Orchestra brings together a few pre-existing open-source projects, chiefly the Cobbler installation and Nagios monitoring servers, to provide an automated way of deploying Ubuntu servers on bare metal or VMs. Ubuntu wraps these components into a single install command; I was able, in short order, to bring up an Orchestra server and install a managed Ubuntu instance via PXE boot.
Next, I turned my new Orchestra server toward a pairing with a second new system deployment feature in Ubuntu Server, JuJu, a facility aimed at streamlining the process of deploying multi-component workloads. For instance, a WordPress blogging instance is comprised of database and Web server components. JuJu enables administrators to store the deployment steps for particular components for fast, consistent reuse in recipes called Charms.
The process for deploying services with JuJu call to mind the procedures for using a platform as a service (PaaS). Deploying WordPress, for instance, involves deploying database and WordPress application components, and then adding a relation between them.
I set up JuJu environments for Amazon EC2 and for the Orchestra server I’d set up. The EC2 process is better-documented (and simpler overall, as Amazon handles the VM provisioning parts of the process), but after spending a few hours debugging my Orchestra-JuJu installation, I was able to deploy services on that foundation as well.
As it stands now, JuJu is a fairly server-hungry affair-a simple WordPress installation requires three servers: one for the MySQL database, another for the Web server and a third for controlling the JuJu environment. Work is underway to use JuJu alongside the Linux Container (LXC) functionality built into Ubuntu Server. LXC, which is similar to the Solaris Containers feature, provides a way to divvy up a single VM or physical machine among OS instances that are lighter-weight than a full VM.

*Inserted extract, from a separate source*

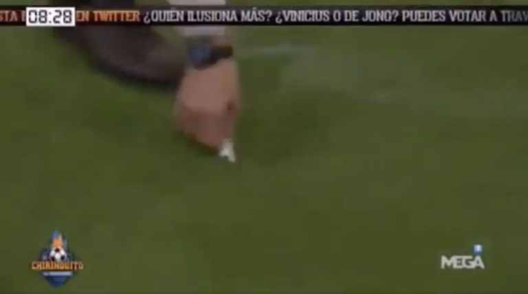 La polémica se remonta a la emisión del pasado jueves. Aguirre esperaba su intervención y cuando llego su turno, se acercó corriendo hasta su puesto. Durante la carrera, algo de color blanco se cayó de su bolsillo. "

Also on the cloud computing track, I tested Ubuntu Server’s OpenStack private cloud functionality by installing a single-node OpenStack deployment in our lab. The install went smoothly, although not quite as smoothly as with my OpenStack tests with the purpose-built StackOps distribution earlier this year. I missed the StackOps configuration helper, particularly when setting up the networking for my private cloud.
In my search for OpenStack on Ubuntu Server documentation, I noticed references both to installing OpenStack via JuJu and via Orchestra. In addition to the fuller documentation I’d like to see in place before the Spring LTS release of Ubuntu Server, I hope to see a simpler OpenStack installation option made available. Ubuntu’s earlier Eucalyptus-based effort benefited from an install disc menu option for spinning up a new cloud-it’d be great to see a similar option for OpenStack.
The most mature element of the Ubuntu Server cloud-computing feature list involves the product’s suitability as a guest OS for cloud or virtual environments. For Amazon EC2 users, there’s a handy AMI locator for finding Ubuntu images in the version and regional zone one desires, and the cloud images available here work well within most virtualization platforms.
Ubuntu Server is also the reference OS for VMware’s Cloud Foundry project, and the client packages required for using Cloud Foundry are now available in the 11.10 repositories. The server packages for Cloud Foundry haven’t yet made their way into the release’s official repositories but are available in a Personal Package Archive (PPA) here.